The School of Earth and Atmospheric Sciences Presents Dr. Christopher Milliner, NASA Jet Propulsion Laboratory
Using Novel Geodetic Imaging Techniques to Understand How Faults Release Strain and Track Water Storage Changes Following Extreme Hydrologic Events
Measurements of surface deformation using geodetic imaging techniques can provide observational constraints on the way faults rupture the surface and the amount of terrestrial water mass held in a region.
Recent advancements in the resolution of optical satellite imagery, increasing density of continuous GPS networks, and near-global coverage of radar interferometry (InSAR), now offer a diverse toolset with which to study fault zone deformation and transient hydrologic processes. Here, I will first show how the use of pixel tracking applied to satellite images taken before and after two large-magnitude earthquakes can provide spatially complete measurements of the strain distribution across the fault damage zone.
I will explore how these observations can deepen our understanding of faulting kinematics and mechanics such as, how the magnitude and width of inelastic strain may differ between fault systems, to variations of slip along ruptures and with depth.

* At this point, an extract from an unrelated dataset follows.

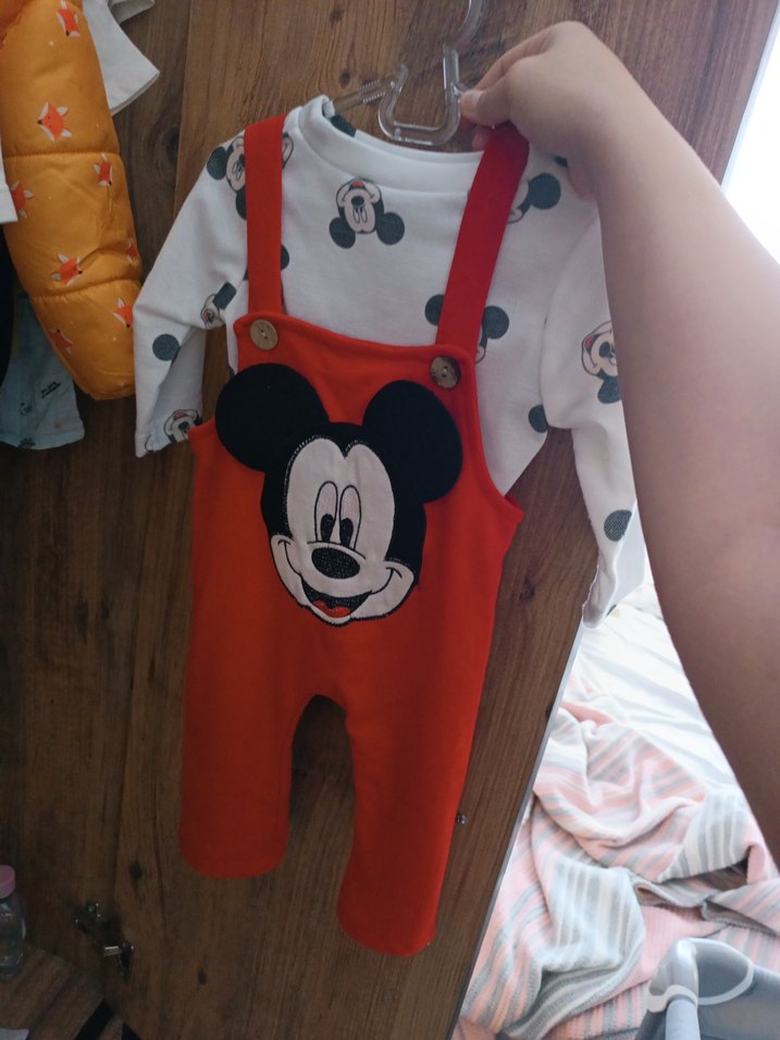 Düğmeli, pamuklu ve bol kesim kırmızı tulum, önünde renkli Mickey Mouse baskısı bulunur, kolsuz baskılı tişört ile tamamlanır.

Second, I will show how networks of continuous GPS stations can be used to track transient changes in terrestrial water storage following extreme precipitation events, such as large hurricanes.
The mass loading effect of water on Earth’s elastic crust causes millimeter subsidence and uplift as water accumulates and dissipates, respectively, which can be measured using precise GPS elevation positioning. Using GPS measurements of elevation changes following Hurricane Harvey I will show we can infer a region’s hydrologic properties, from the amount of water a drainage area can hold, to how fast an area can dissipate water and by what means.
The use of emerging geodetic techniques, with higher rate and more precise positioning, now allows new approaches to characterize the seismic hazard faults pose to the built environment, how faults accumulate and release strain, and improved monitoring of a region’s water security and preparation for future extreme precipitation events.